▶ [Exercise requirements]:
Every line from the start of the records through the line with "This intricately-designed 7" is to be written out exactly; pictures are not.

[Saved data entries]
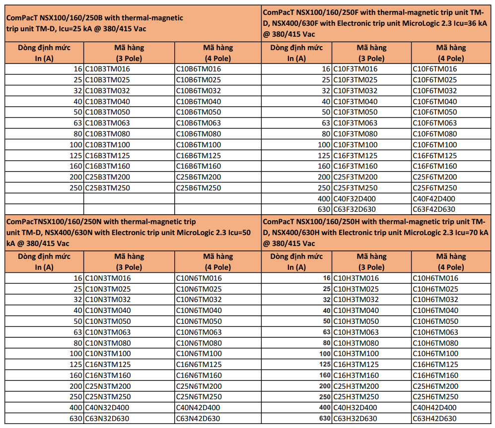 Dòng định mức: 16~630A
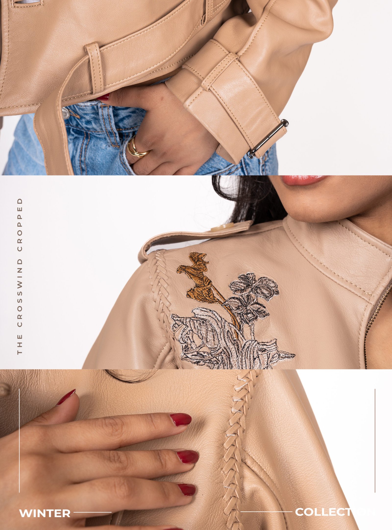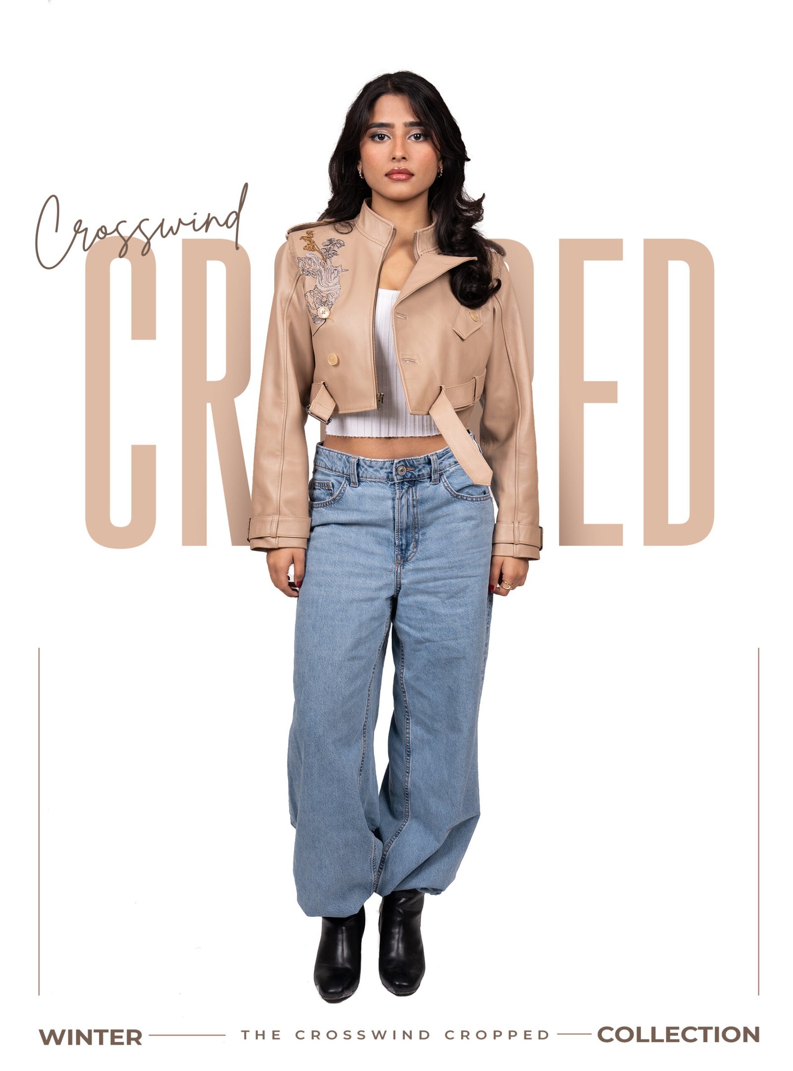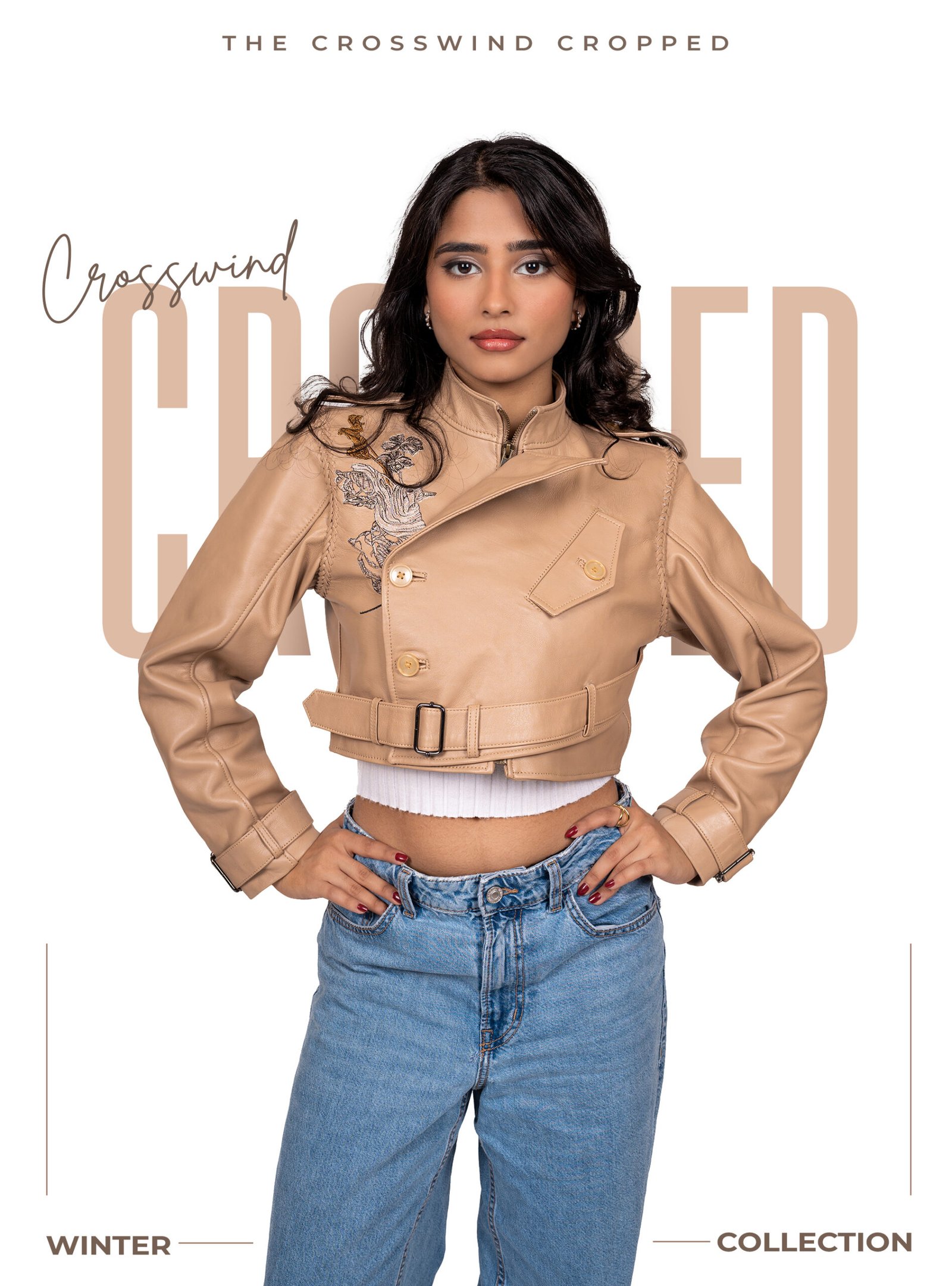 Inspired by shifting terrains, this cropped jacket balances military precision with modern femininity.
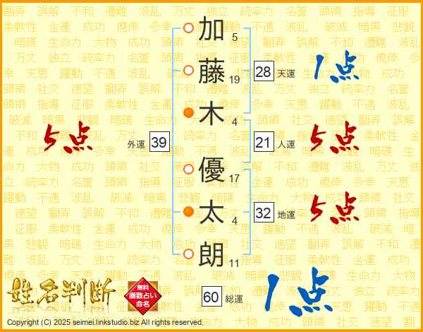 加(5画)藤(19画)木(4画) 優(17画)太(4画)朗(11画)
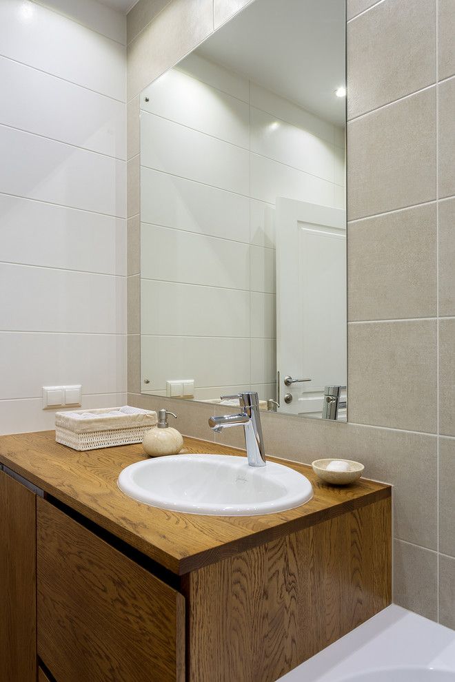 Si baia a fost amenajata pe cat de functional posibil; s-a reusit integrarea unei cazi de baie, a toaletei, si a unor spatii de depozitare atat sub lavoar (unde a fost instalata si masina de spalat rufe), dar si deasupra bazinului incastrat sub forma unor rafturi simple.
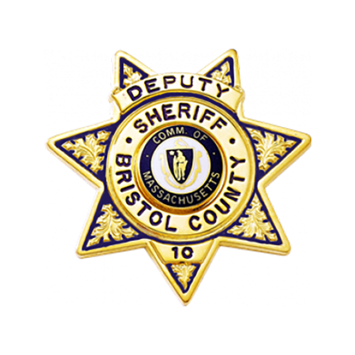 This intricately-designed 7 point star badge includes four areas for lettering! This version also has enamel coloring in the background! If no colored enamel is needed, use model B2467. For a larger badge, see model B448-DE.
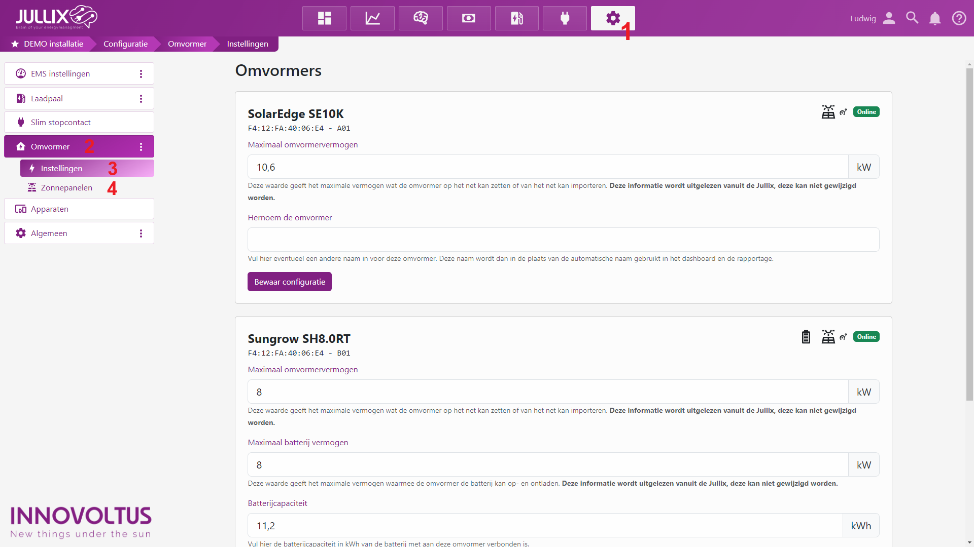 De omvormers die zijn toegevoegd aan de installatie kan je nog instellen. Hiervoor gaan we in de configuratiepagina (1) van de installatie, naar Omvormer (2). Je kan de ligging van de zonnepanelen(4) instellen. Afhankelijk van het type omvormer kan je bij Instellingen (3) nog een aantal items instellen zoals de batterijgrootte en de batterijkost.
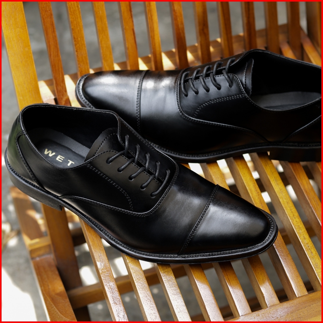 Wetan Nusantara 6 Sepatu Pantofel Pria Formal Oxford Cap Toe Black
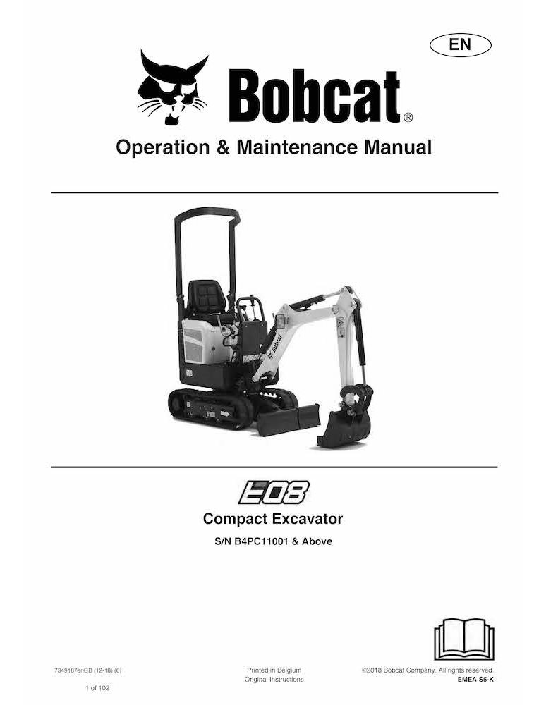 Bobcat E08 excavadora compacta pdf manual de operación y mantenimiento
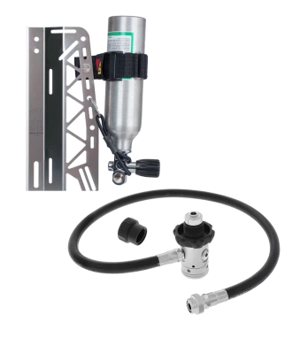 Our Drysuit Inflation Package comes with everything you need to inflate your drysuit using off-board gas.

▶ [Answer for this exercise]:
 Dòng định mức: 16~630A
 Inspired by shifting terrains, this cropped jacket balances military precision with modern femininity.
 加(5画)藤(19画)木(4画) 優(17画)太(4画)朗(11画)
 Si baia a fost amenajata pe cat de functional posibil; s-a reusit integrarea unei cazi de baie, a toaletei, si a unor spatii de depozitare atat sub lavoar (unde a fost instalata si masina de spalat rufe), dar si deasupra bazinului incastrat sub forma unor rafturi simple.
 This intricately-designed 7 point star badge includes four areas for lettering! This version also has enamel coloring in the background! If no colored enamel is needed, use model B2467. For a larger badge, see model B448-DE.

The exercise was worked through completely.